Taglines are a fundamental tool of branding that allows you to distill your core message into a very concise, memorable often catchy set of words, that encapsulates the value you offer to your audience.
The right tagline not only supports your brand, it can act as an anchor, dropped in the exact position of the mind of your audience that was earmarked in the strategic roadmap. If it’s powerful enough, it can become what your brand is known for. It can become Iconic.
Some of the world’s most Iconic brands are known as much for their taglines as they are for their products, services or brand identities.
A Tagline becomes a Mantra
The tagline may be a direct promise, it may be a statement or it may just be a suggestion, but whatever it is, it becomes the mantra of the brand, linked directly to their purpose, mission and values, acting as a reminder of who they are as a brand.
A tagline may also be the brand’s umbrella mantra, a product promise or an advertising slogan. Whatever the need for the tagline, the intent doesn’t change and that is to solidify the brand’s place in the mind of the consumer to pave the way for seamless brand recall.
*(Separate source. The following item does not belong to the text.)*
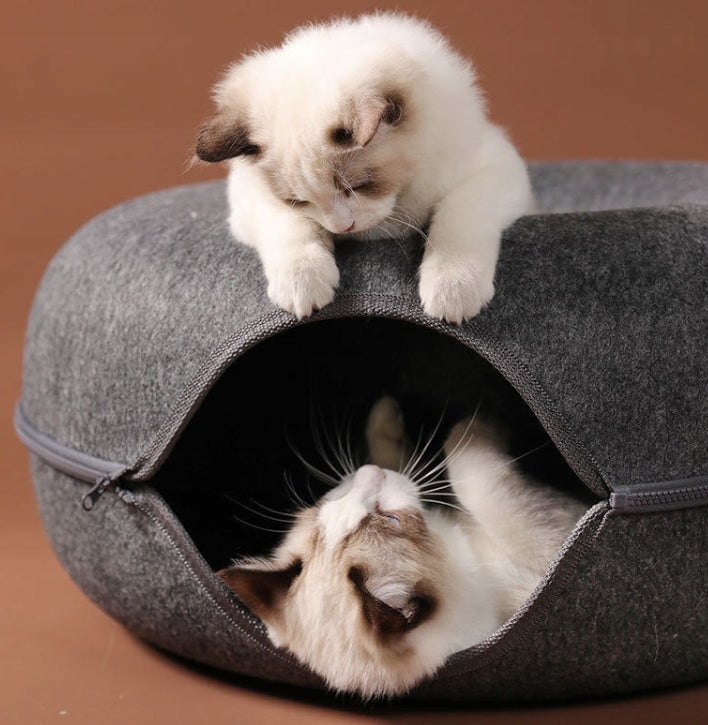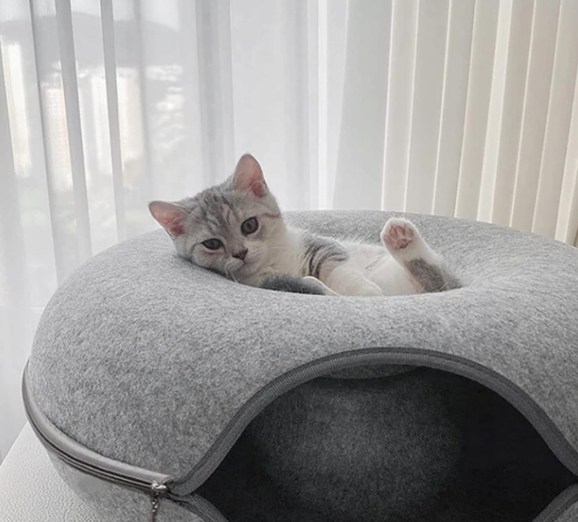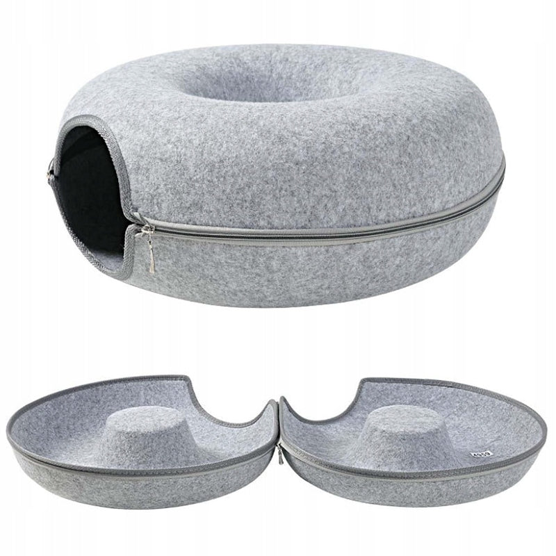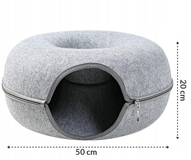 Šis unikalios formos katės guolis, puikiai tiks jūsų augintiniui, ieškančiam patogios vietos poilsiui ir žaidimams. Guolis yra su apvaliu tuneliu ir minkšta išorine medžiaga, suteikiančia jaukumo ir šilumos. Jo dizainas primena didelę, apvalią spurgą, kas suteikia guoliui žaismingumo ir originalumo.

Think of some of the world’s most Iconic brands, and the taglines they are known for.
Nike: “Just Do It”
MasterCard: “There are some things money can’t buy. For everything else, there’s MasterCard.”
BMW: “The Ultimate Driving Machine”
Coka-A-Cola: “Enjoy Coke”
Dollar Shave Club: “Shave Time. Shave Money.”
L’Oréal: “Because You’re Worth It”
California Milk Processor Board: “Got Milk?”
Tesco: “Every Little Helps”
M&M: “Melts in Your Mouth, Not in Your Hands”
De Beers: “A Diamond is Forever”
McDonald’s: “I’m Lovin’ It”
Maybelline: “Maybe she’s born with it. Maybe it’s Maybelline.”
GE: “Imagination at work”
FedEx: “When it absolutely positively has to be there overnight.”
Audi: “Truth in Engineering”
I would suggest that there probably aren’t many that you don’t know whether you have been a customer to one of these brands or not.
The Brand Recall Anchor
The pinnacle of taglines is for it to become an anchor for your brand in the mind of your audience (and the broader public) to the point where seeing or hearing those words results in an instantaneous brand recall.
That’s not something that happens overnight and requires years of reinforcing your brand promise to the market, brick by brick. Setting this up as early as possible, however, get’s your tagline to work in laying those bricks and offering your audience an easy way to recall you brand.
When it comes to creating your tagline, following a process and ensuring the common characteristics of Iconic taglines are considered, sets you off on a path that can often lead to great results.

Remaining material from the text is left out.